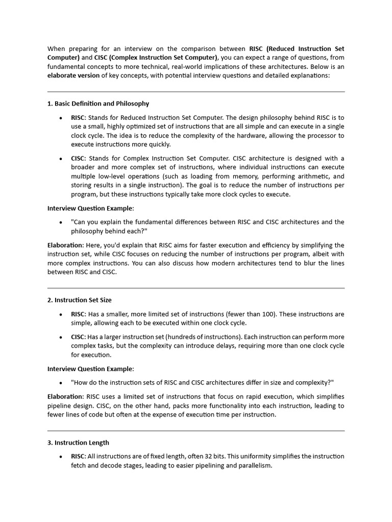 Computer) and CISC (Complex Instruction Set Computer), you can expect a range of questions, from
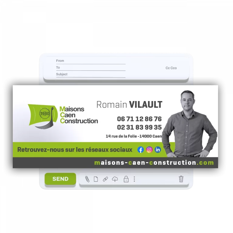 Un email, c’est souvent le premier échange avec un prospect. Pour Maisons Caen Construction, nous avons mis en place des signatures de mail uniformisées :
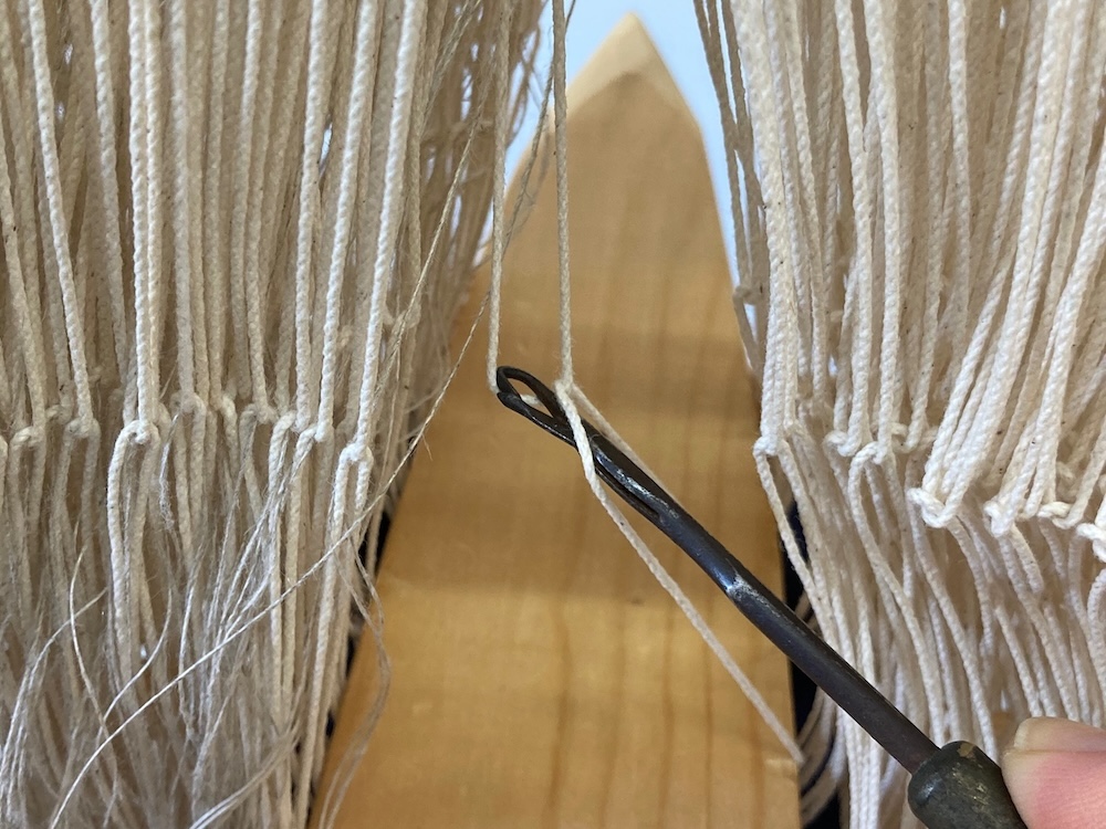 Using a latched threading hook to thread warp yarn through clasped heddle. ©Max Mosscrop
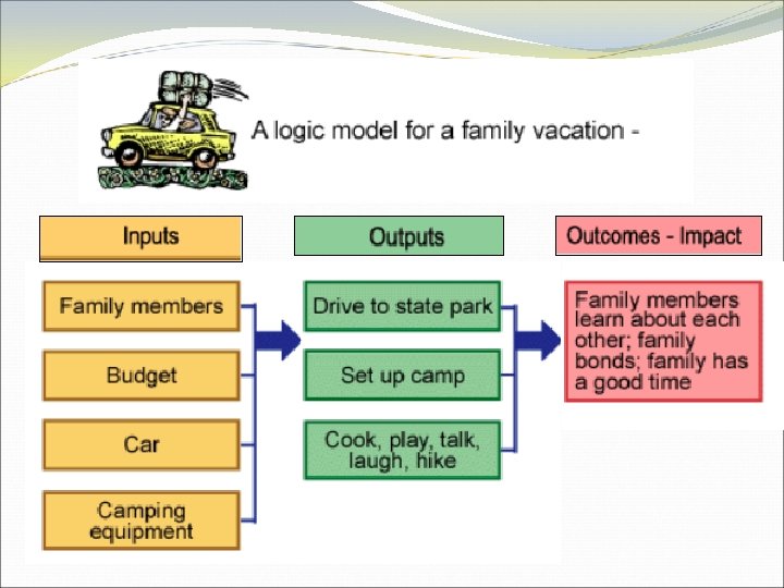 LOGIC MODEL A Logic Model is a program evaluation ROAD MAP and therefore, is the first step in evaluation. • Where are we going? • How do you plan to get there? • How will you know you are on course/on track? • What will tell you that you’ve arrived?

▶ Problem to solve
Print once more, exactly, the lines from the one with "Using a latched" through the last line of the data, both ends included, without any pictures.

▶ Response for this exercise
 Using a latched threading hook to thread warp yarn through clasped heddle. ©Max Mosscrop
 LOGIC MODEL A Logic Model is a program evaluation ROAD MAP and therefore, is the first step in evaluation. • Where are we going? • How do you plan to get there? • How will you know you are on course/on track? • What will tell you that you’ve arrived?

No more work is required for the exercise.